The sharp drop in revenue caused by the pandemic, combined with a more cautious approach to lending, has led to a drop in hotel ratings over the past 12 months, although not as sharply as some initially predicted.
The rating index (HVI), compiled by the global hotel consulting company HVS, reports that in the year of the Covid-19 outbreak, hotel values fell by an average of 5 to 15 percent compared to the previous year.
Last year passed a decade of rising hotel prices across Europe, and in 2019 it increased by an average of three percent – with some real estate in Southern Europe there is an increase of seven percent.
However, the large-scale blockades in 2020, which led to the closure of most European hotels, the annual RevPAR decreased by about 70 percent compared to 2019.
The impact of the pandemic on cash flow and profits has been dramatic, although government support and wage subsidies have helped mitigate the blow.
“All levels of hotels have been affected, but they are particularly upscale and luxurious, as they tend to be more in demand by both groups and international visitors,” said co-author Mattia Cavenati, a lawyer for HVS London.

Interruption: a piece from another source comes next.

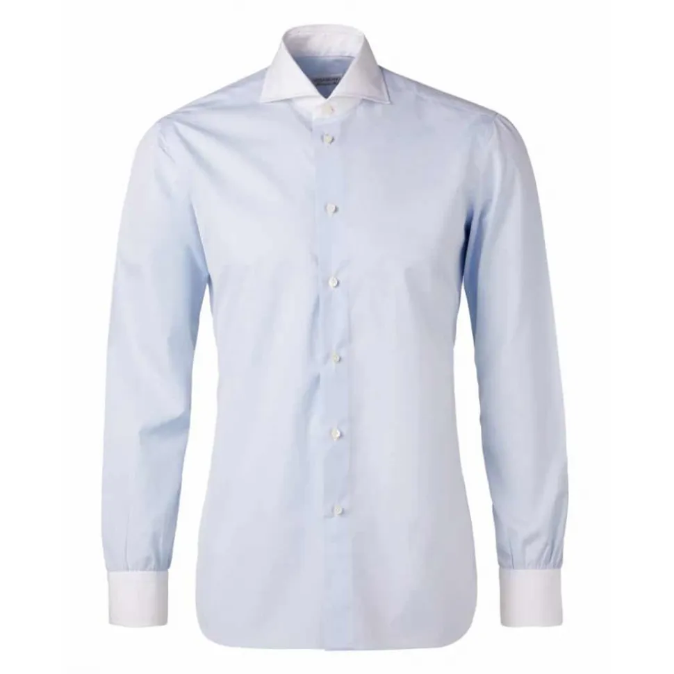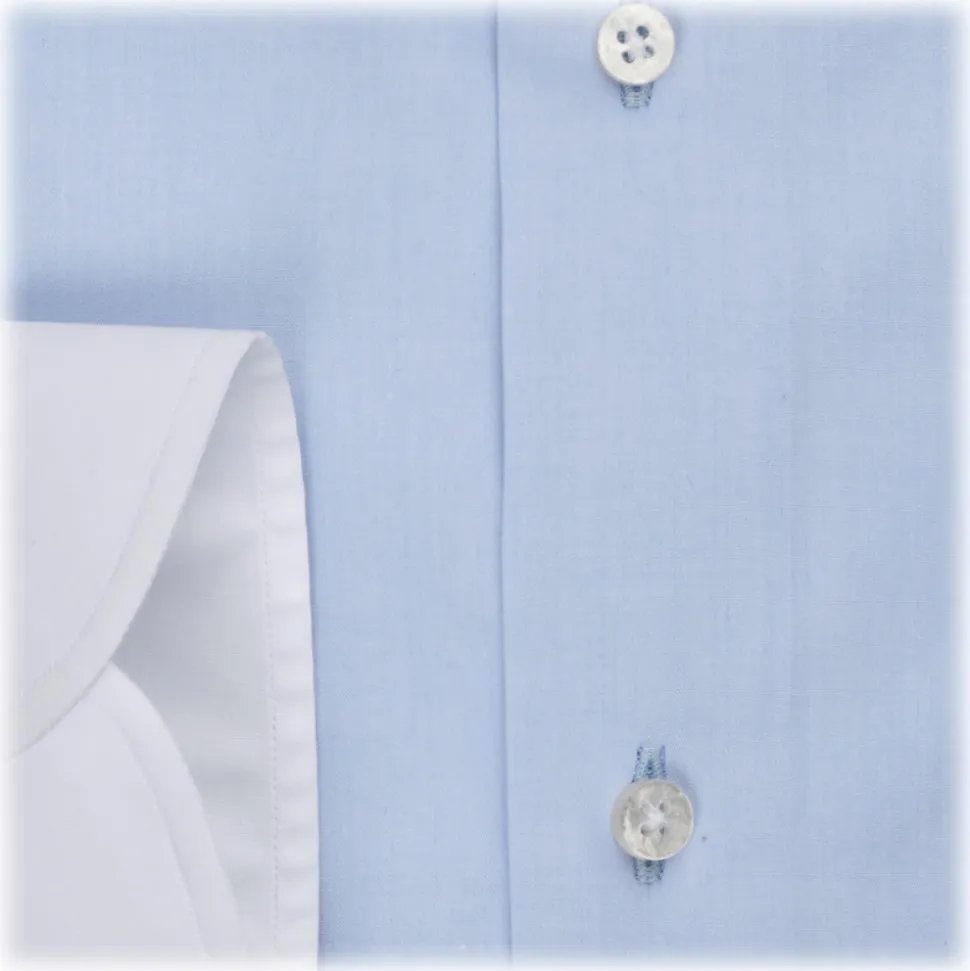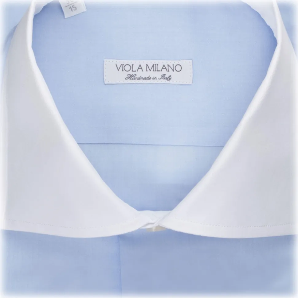 Viola Milano – Contrast Collar Shirt – Blue and White – Handmade in Italy – Luxury Exclusive Collection

HVS London conducted about 130 annual updated hotel evaluations in 2020, which clearly showed that only a small number of facilities experienced either a greater reduction in value or a slight increase for some, while about 60 percent of these hotels experienced a reduction in value from 5 to 15 percent.
Hotels in border towns have declined less, backed by the country’s political and economic stability, high barriers to entry, well-diversified demand bases, and significant government support schemes.
In a safety flight, the markets of Northern and Western Europe are well positioned to take advantage of these strengths.
Less central markets, such as Eastern European markets, or those affected by more volatile political or economic circumstances, such as Russia and Turkey, may remain less attractive as an investment proposal in the short to medium term, while retaining a depressing effect on values.
Although a full recovery in recently identified operational efficiencies, such as a more flexible workforce, is expected, greater use of technology and reallocation of space will increase leverage as demand and revenue recover.
“Values will be enhanced by capital-building funds that will create competition and help maintain selling prices,” added Simon Coolen, co-author of HVS London’s co-author.